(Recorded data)
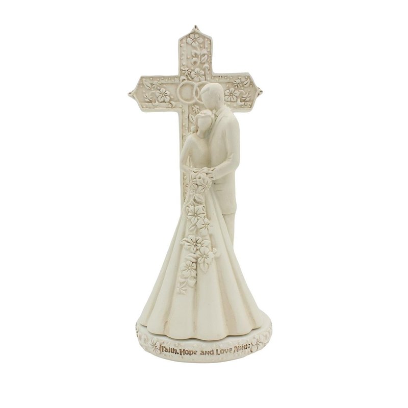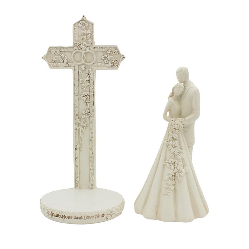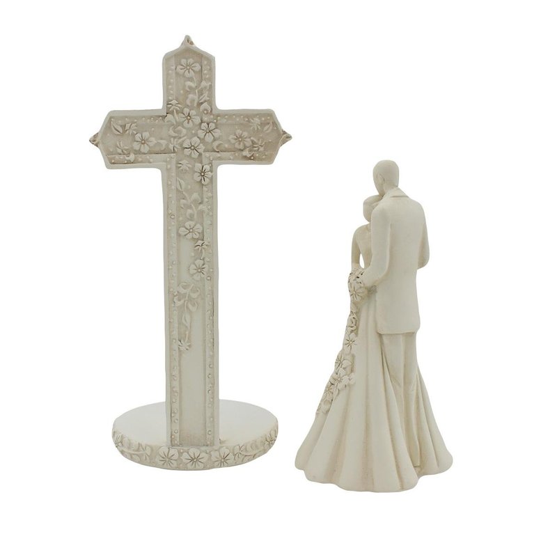 6.9-inch Couple with Cross and Wedding Rings 2-Piece Wedding Cake Topper Set. Off White/Ivory Color. Material: Resin.
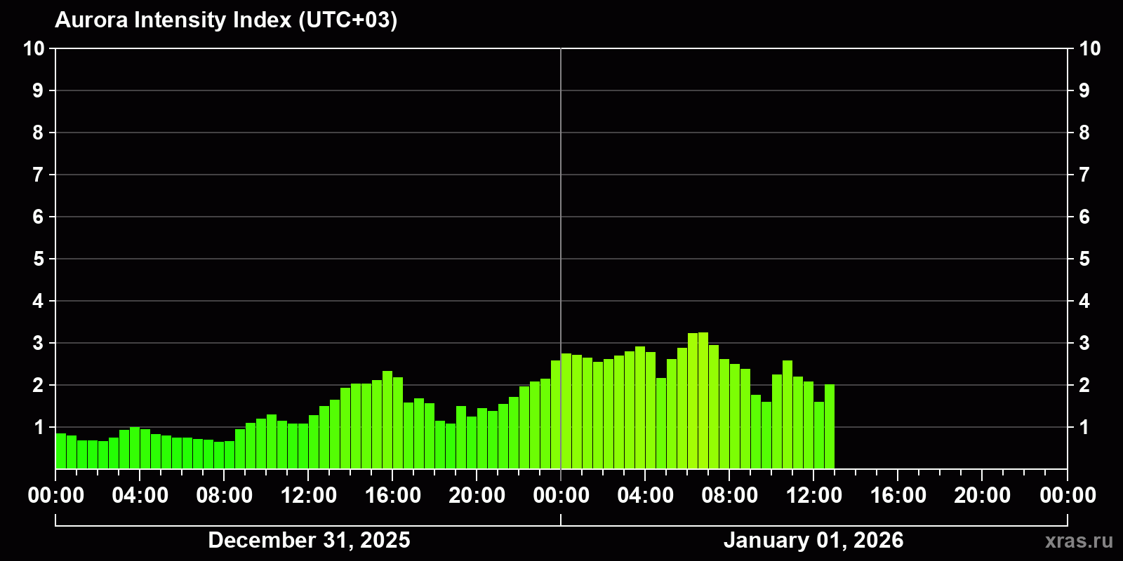 Auroras (northern lights) in Stavropol — Jan 01, 2026
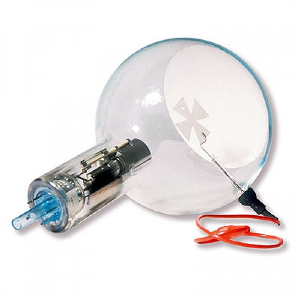 Hochevakuierte Elektronenröhre mit divergenter Elektronenkanone, Leuchtschirm und Malteserkreuz. Zum Nachweis der geradlinigen Ausbreitung von Elektronen im feldfreien Raum durch Schattenprojektion des Malteserkreuzes auf den Leuchtschirm und zur Einführung in die Elektronenoptik.
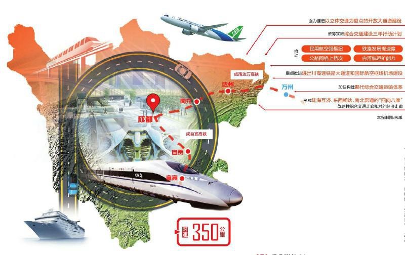 對內(nèi),有助于支撐我省“一干多支”“五區(qū)協(xié)同”發(fā)展戰(zhàn)略。西南交大黨委副書記晏啟鵬認為,四川空、公、水運已有一定基礎,發(fā)展態(tài)勢清晰,再新增受惠面大、參與度廣的兩條高速鐵路建設,能使成都和川南經(jīng)濟區(qū)、川東北經(jīng)濟區(qū)實現(xiàn)1小時左右交通互聯(lián),不同城市將連點成面。
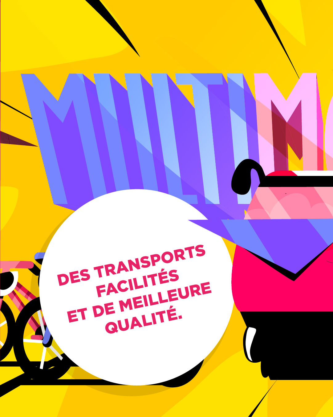 Basée sur un univers graphique fort et pertinent, la campagne illustre la vision future des TPF : Nous sommes venus poser une couche de storytelling vivante et colorée sur des photos prises dans tout le canton.

▶ _EXERCISE_
Transcribe each line above verbatim, with the pictures left out.

▶ _ANSWER TO THIS TASK_
 6.9-inch Couple with Cross and Wedding Rings 2-Piece Wedding Cake Topper Set. Off White/Ivory Color. Material: Resin.
 Auroras (northern lights) in Stavropol — Jan 01, 2026
 Hochevakuierte Elektronenröhre mit divergenter Elektronenkanone, Leuchtschirm und Malteserkreuz. Zum Nachweis der geradlinigen Ausbreitung von Elektronen im feldfreien Raum durch Schattenprojektion des Malteserkreuzes auf den Leuchtschirm und zur Einführung in die Elektronenoptik.
 對內(nèi),有助于支撐我省“一干多支”“五區(qū)協(xié)同”發(fā)展戰(zhàn)略。西南交大黨委副書記晏啟鵬認為,四川空、公、水運已有一定基礎,發(fā)展態(tài)勢清晰,再新增受惠面大、參與度廣的兩條高速鐵路建設,能使成都和川南經(jīng)濟區(qū)、川東北經(jīng)濟區(qū)實現(xiàn)1小時左右交通互聯(lián),不同城市將連點成面。
 Basée sur un univers graphique fort et pertinent, la campagne illustre la vision future des TPF : Nous sommes venus poser une couche de storytelling vivante et colorée sur des photos prises dans tout le canton.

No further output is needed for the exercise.